-extra Speed- -raw- Shinshou Genmukan - — Epilogue 4

The epilogue reveals that the protagonist has been unknowingly writing a memoir of the events. Every time he writes a passage, Kyouko loses a memory of the trauma. At first, this seems like a blessing. But by the midpoint, she’s forgetting him . She forgets their first kiss. She forgets the promise they made. She stares at him like he’s a stranger holding a notebook.

The version does the opposite. It throws you directly into the fire within the first three minutes. There’s no healing. There’s no quiet. Kyouko is already showing signs of the Genmukan’s echo—that spectral feedback loop where the mansion’s consciousness latches onto a survivor. The pacing is frantic, cutting between domestic scenes and sudden, violent flashbacks with almost no transition. It feels like the narrative itself is having a panic attack. You’re not reading about the descent; you’re in it.

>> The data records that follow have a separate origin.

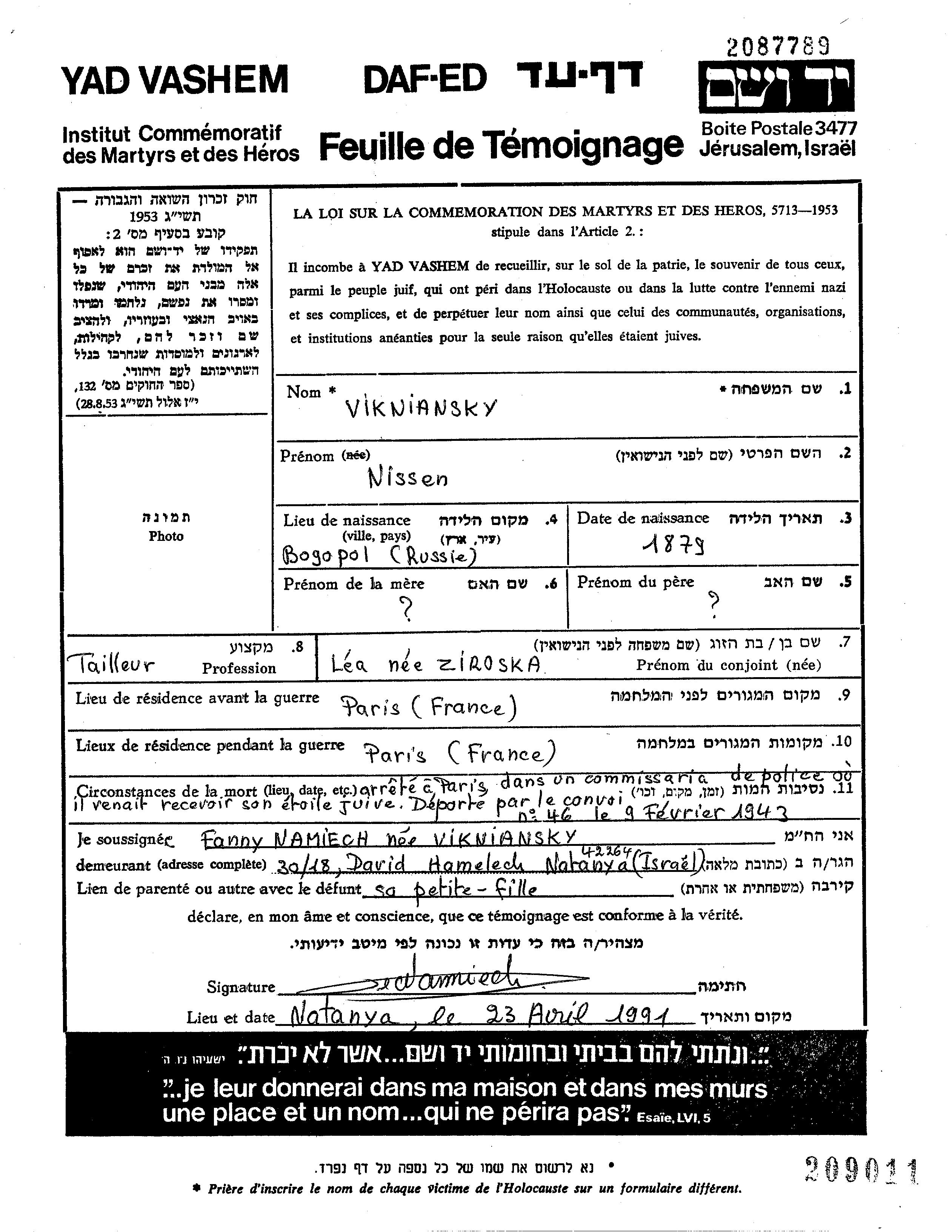Nissen Vikniansky נולד בBogopol שבאוקראינה (ברה"מ). הוא היה חייט ונשוי ללאה. לפני מלחמת העולם השניה התגורר בParis שבצרפת. בזמן המלחמה הוא היה בParis שבצרפת. הוא נרצח בשואה. מקום המוות: Auschwitz שבפולין.
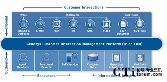 Genesys Customer Interatcion Management Platform是一個開放、可擴充、有彈性的客戶管理交互平臺。它是建構(gòu)客服中心的核心 ,所有Genesys解決方案模塊 ,包含企業(yè)智能路由(Enterprise Routing Solution)、智能網(wǎng)端智能路由(Network Routing Solution)、外撥解決方案(Outbound Contact Solution)、互聯(lián)網(wǎng)解決方案(Internet Contact Solution)、勞動力管理方案(Workforce Management Solution)等等都是建構(gòu)在Genesys的基礎平臺之上。使得Genesys所有的模塊都可充份整合在一起 ,提供客戶全方位、全功能的企業(yè)交互解決方案。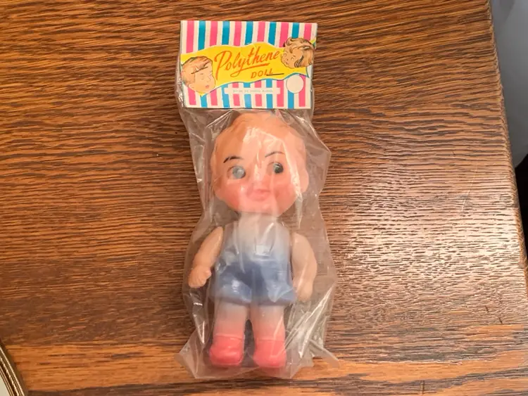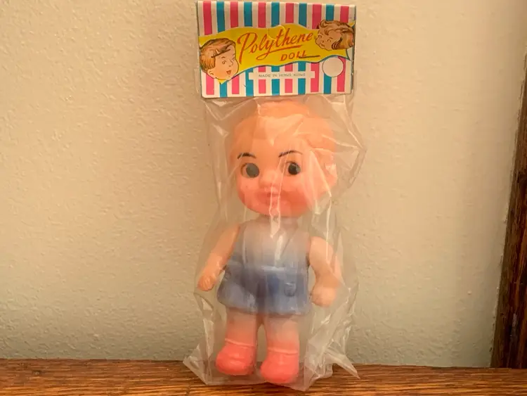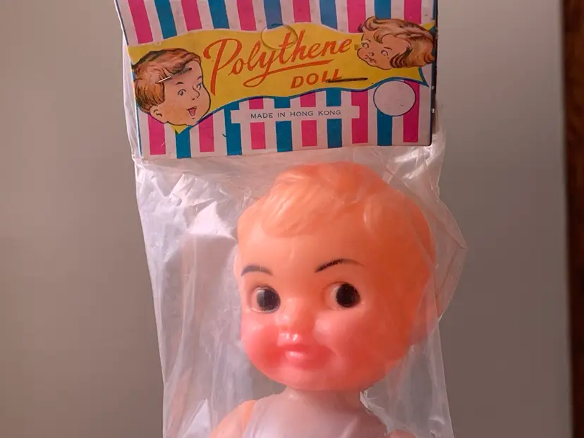NOS vintage plastic Polythene boy baby doll, mid century and great for your kitschy displays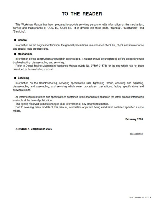 KUBOTA DIESEL ENGINE OC60-E2 OC95-E2 SERVICE WORKSHOP MANUAL REPRINTED 2005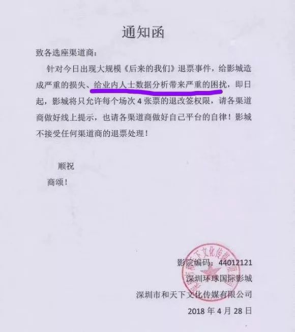 据称,昨晚很多院线已经进行了应急措施,限制或禁止异常退票。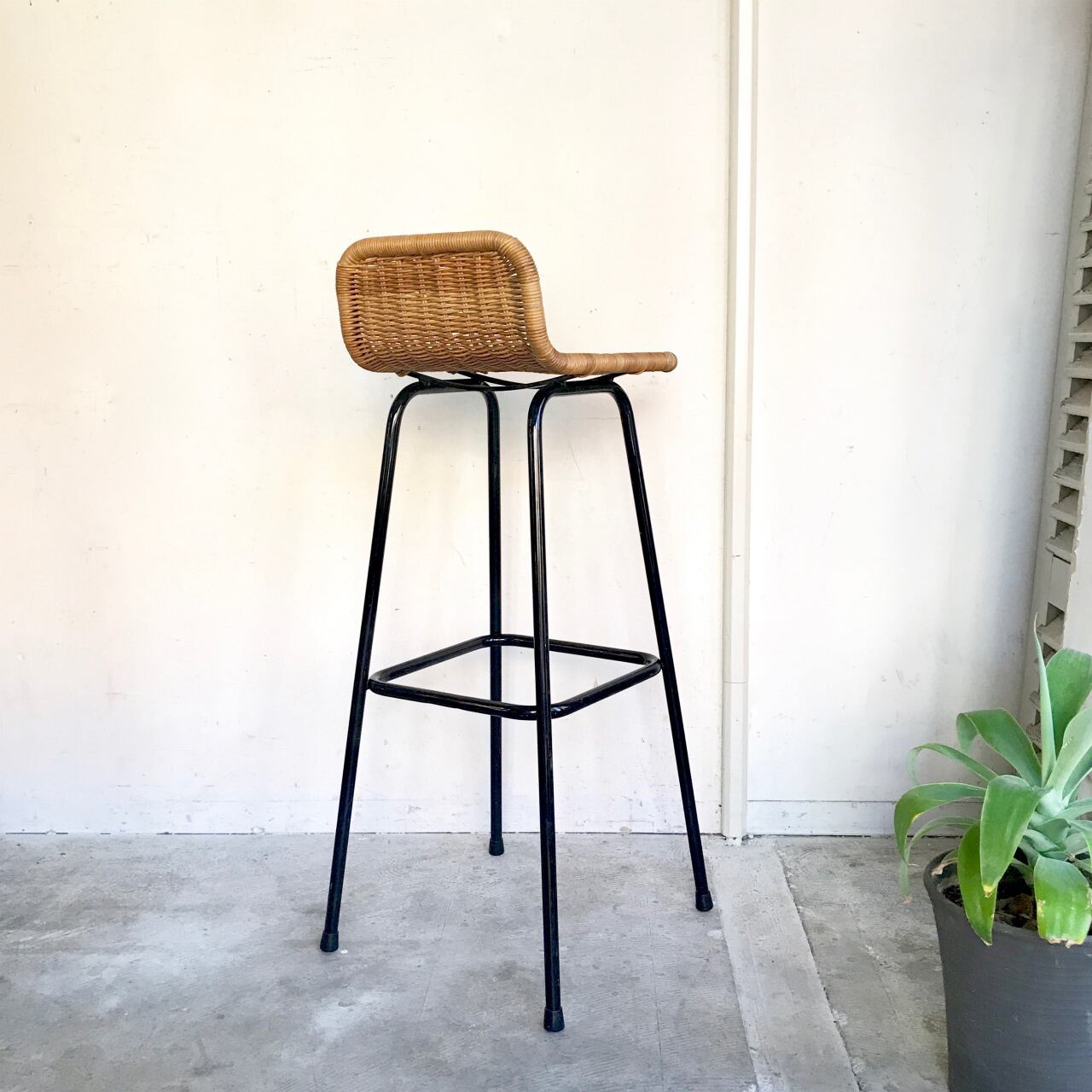 "Rohé" Vintage Rattan Bar Stool "Dirk Van Sliedrecht" 60's オランダ A(SH:830)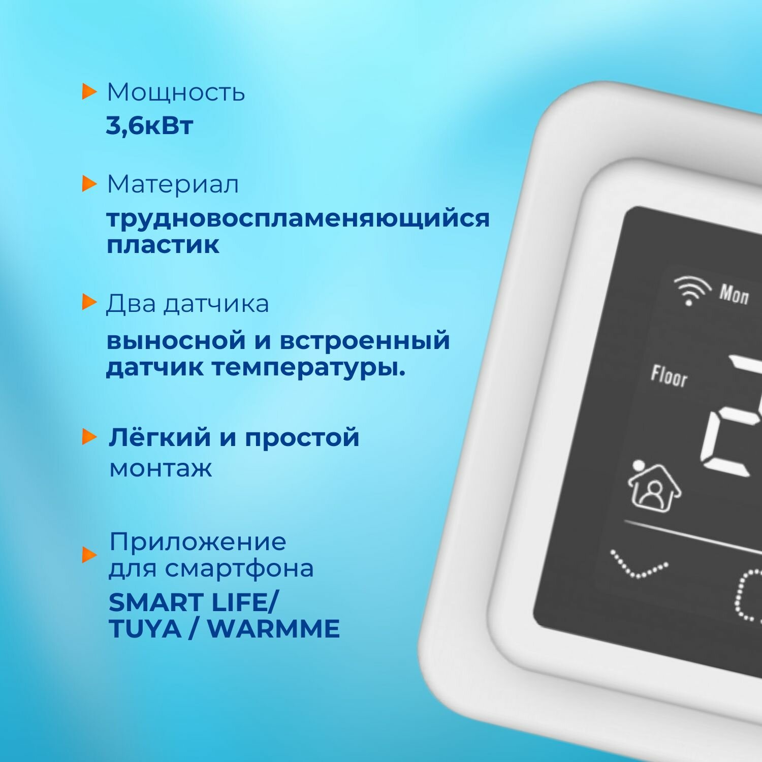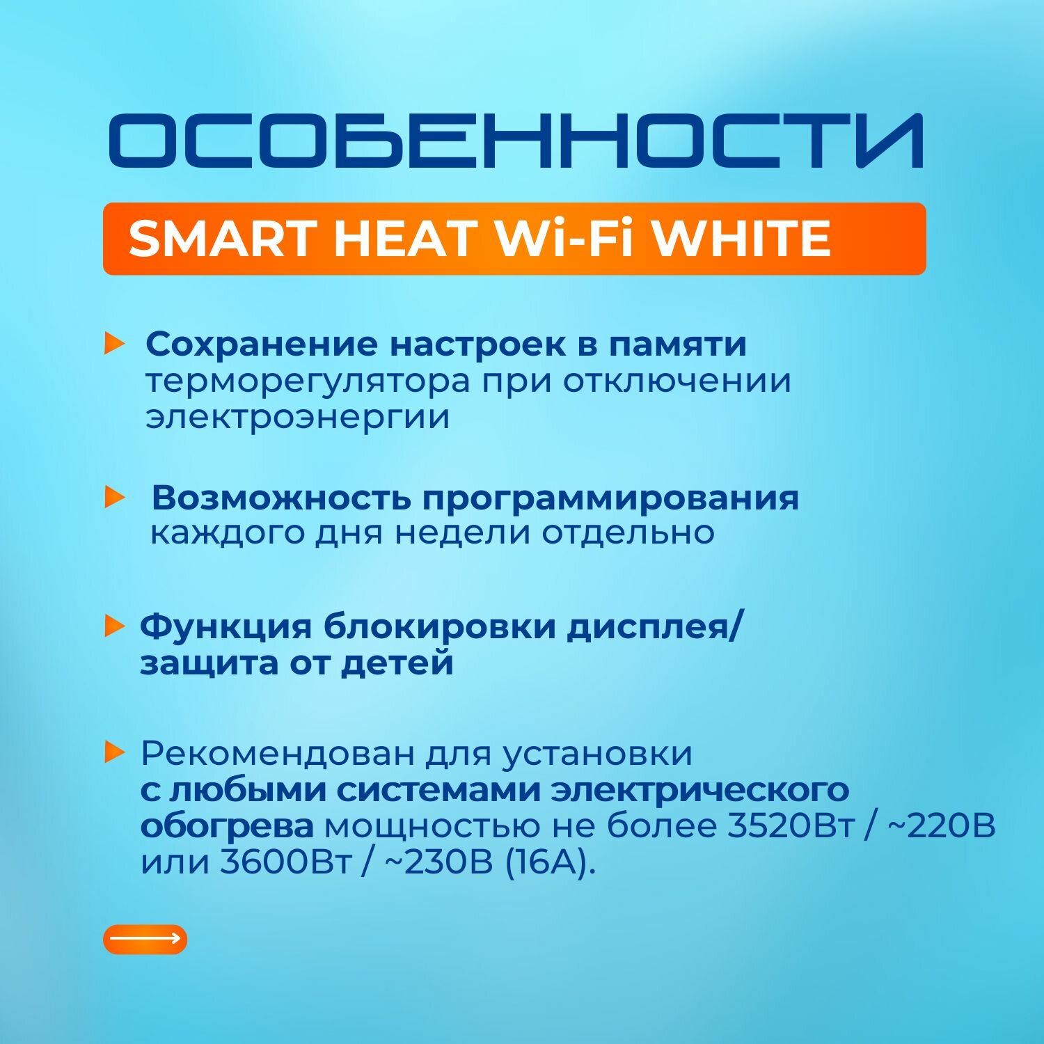 Программируемый терморегулятор с возможностью управления через смартфон SMART HEAT Wi-Fi WHITE (белый)

This isn’t a literal racing term. In the context of the patch notes, “Extra Speed” refers to the narrative pacing. The base game’s epilogue 4 (the canonical follow-up to the True End where Kyouko and the protagonist survive) is a slow, melancholic burn. It’s about trauma recovery, rebuilding the shrine, and the quiet horror of everyday life after witnessing the supernatural. -Extra speed- -Raw- Shinshou Genmukan - epilogue 4

Roll credits. No music. Just the sound of wind.

You liked Saya no Uta and thought, “You know, this could be more emotionally devastating.” Avoid it if: You need a happy ending. There isn’t one. There was never going to be one. The Genmukan always gets its due. The epilogue reveals that the protagonist has been

Is “Extra Speed – Raw – Shinshou Genmukan Epilogue 4” good? Yes. Is it enjoyable? Absolutely not. It’s a masterclass in using pacing (Extra Speed) and unflinching text (Raw) to deliver a nihilistic gut-punch that recontextualizes the entire base game. If you thought the True End was hopeful, this epilogue tells you that hope was just the first stage of a deeper, more insidious curse.

Spoilers ahead. Last warning. The central conceit of Epilogue 4 is that the Genmukan is gone. Burned. Exorcised. But in the “Extra Speed/Raw” version, we learn the truth: The mansion wasn’t haunted. It was hungry. And it didn’t need a building. It needed a story . But by the midpoint, she’s forgetting him

The final scene: He burns the manuscript. And as the fire consumes the last page, Kyouko looks at him and smiles—a genuine, innocent smile from before the nightmare began. But then she asks, “I’m sorry… do I know you?”